In the river valleys
A small number of major river valleys in different parts of the Eastern Hemisphere played a critical role as cradles of civilization where all the “foundational” civilizations emerged. The great civilizations of Mesopotamia, Egypt, the Indus Valley, and China all belonged to this category.
River valleys offer areas of well-watered, fertile soil. With high agricultural productivity, river valleys can support large human populations concentrated in a comparatively small area. But why did they lead to a completely new kind of society, very different from what had gone before? Why didn’t the rise of large populations in river valleys simply result in a multiplication of small-scale farming villages, closely scattered across the plains?
The answer to this question is partially guesswork, since no records have survived from these times. However, modern scholars have developed explanations that are supported by archeological evidence.
Spring floods in dry climates
In the fertile river valleys, large rivers provide plentiful water and huge amounts of fresh, fertile mud. In the spring, the rain and mountain snowmelt cause the rivers to flood large areas of land.
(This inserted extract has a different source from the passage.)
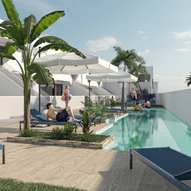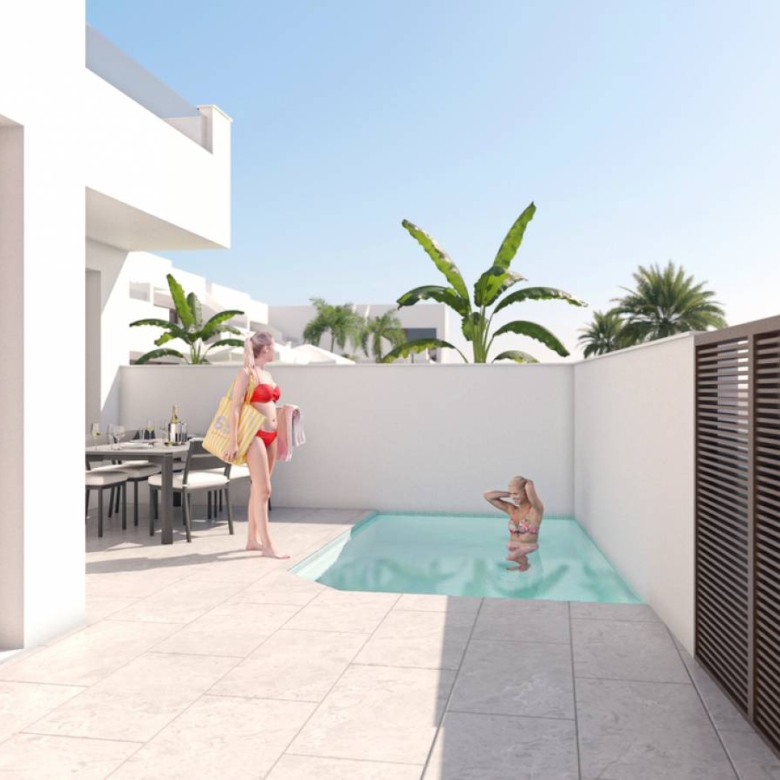 2 Villas with private pool in Pilar de la Horadada, Costa Blanca An exclusive residential where the design and comfort of the homes prevail. 20 top-quality modern apartments with 2 or 3 bedrooms on the ground floor and on the first floor with a solarium of more than 80 m2 that offers great privacy. This project also has 2 villas with private pool and closed garage, 3 bedrooms, 2 bathrooms and toilet. The residential has a common garden area with a swimming pool and each apartment has large terraces where you can enjoy the sun all year round. Another important feature of this project is the bicycle storage room in the common area, with a capacity of 2 bicycles per home. Located on the ‘Del Pilar al Mar’ boulevard, it is a route that starts in the town center and ends on the beaches of Torre de la Horadada. The route is 3 km. and it can be done on foot, by bicycle or on skates. CHARACTERISTICS 2 and 3 bedrooms.2 bathrooms.First qualities.Kitchen equipped with appliances.LED halogens throughout the interior of the house.Solar Control Windows.Underfloor heating in bathrooms.Community area with pool.modern construction.Parking lot. Property ID: GH-24232 Price: €365,900 Property Size: 220 m2 Land Area: 300 m2 Bedrooms: 3 Bathrooms: 3 Property Type: Apartment Property Status: For Sale

The water and mud creates some of the most fertile farmland in the world.
The floodwaters only cover the plains for a few weeks before flowing to the sea. In places such as Mesopotamia, Egypt, and the northwest Indian subcontinent, the rest of the year is hot and dry, so that crops soon die. Early farmers therefore found these areas difficult to settle. Agriculture began to flourish when they started digging pools and constructing dams to keep some of the floodwater from flowing away, and irrigation channels to carry the stored water to their fields. The population grew in the valleys, becoming dense concentrations of people.